Earlier, the New York Times broke a story about China and Russia spying on President Trump’s personal phone calls via his unsecured iPhone. In a case of possibly the most dangerous iPhone addiction ever reported, Trump continues to use his phone despite being warned of the breach.
China has not remained silent on the matter. The Verge writer Sam Byford reports on China’s official response.
“Hua Chunying, frequent official spokesperson and deputy director of the Chinese foreign ministry’s information department, said ‘If they are very worried about iPhones being tapped, they can use Huawei,’ as reported by The Washington Post’s Luna Lin. Hua went on to dismiss the NYT’s report as ‘fake news,’ according to the South China Morning Post. ‘Seeing this report, I feel there are those in America who are working all-out to win the Oscar for best screenplay,’ she is reported to have said.”

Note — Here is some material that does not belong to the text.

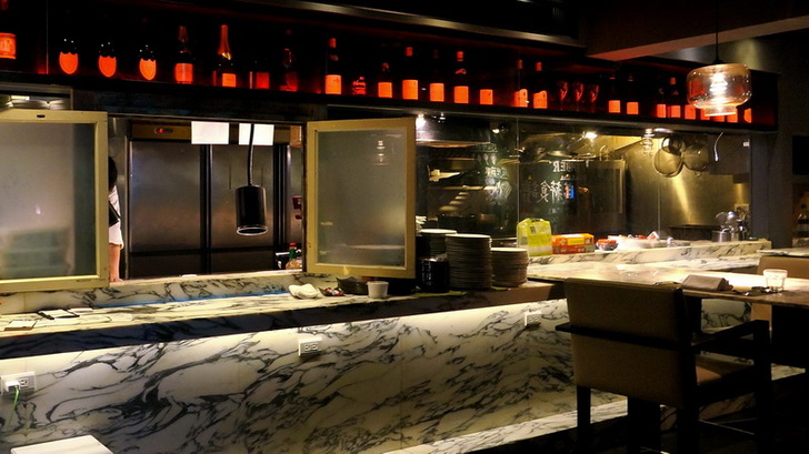 走進去一些就會看到開放式廚房,可能是怕油煙吧,用一大片玻璃隔一下,但還是可以看到主廚現場烹調料理的過程。敢採用開放式廚房,表示店家對自家的廚房衛生有信心,這樣也增添了顧客用餐的安心感。

It is interesting to note that China has made no official denial that takes the accusation seriously. Hua Chunying’s hectoring response was more a gibe than a denial.
It is also worthy of note that Huawei was particularly called out as an alternative to the iPhone. There are many Chinese smartphone manufacturers that are favorably reviewed with strong support from U.S. enthusiasts.
Part of the answer probably lies in the fact that Huawei has been the target of government scrutiny by the U.S. government. But that only explains part of it. ZTE was also equally a target. In August, Engadget reported in a headline, “US bans government personnel from using Huawei and ZTE devices.”
China may have reason to feel somewhat persecuted by U.S. news outlets. They are still dealing with the fallout from the Bloomberg piece alleging Chinese spy chips being placed in servers used by 30 companies. So far, there has been no corroboration of any aspect of the story and stringent denials of every claim from the parties mentioned.
Now, an even bigger U.S. news outlet is accusing them of espionage against the President of the United States with no named sources or technical corroborative evidence. The U.S. and China have a strained political relationship at the moment. An all-out trade war is a possibility that both parties want to avert. These types of accusations do not help.
So far, Apple has not made an official response to the story. It is doubtful that China’s teasing comments will be the last we hear on the matter.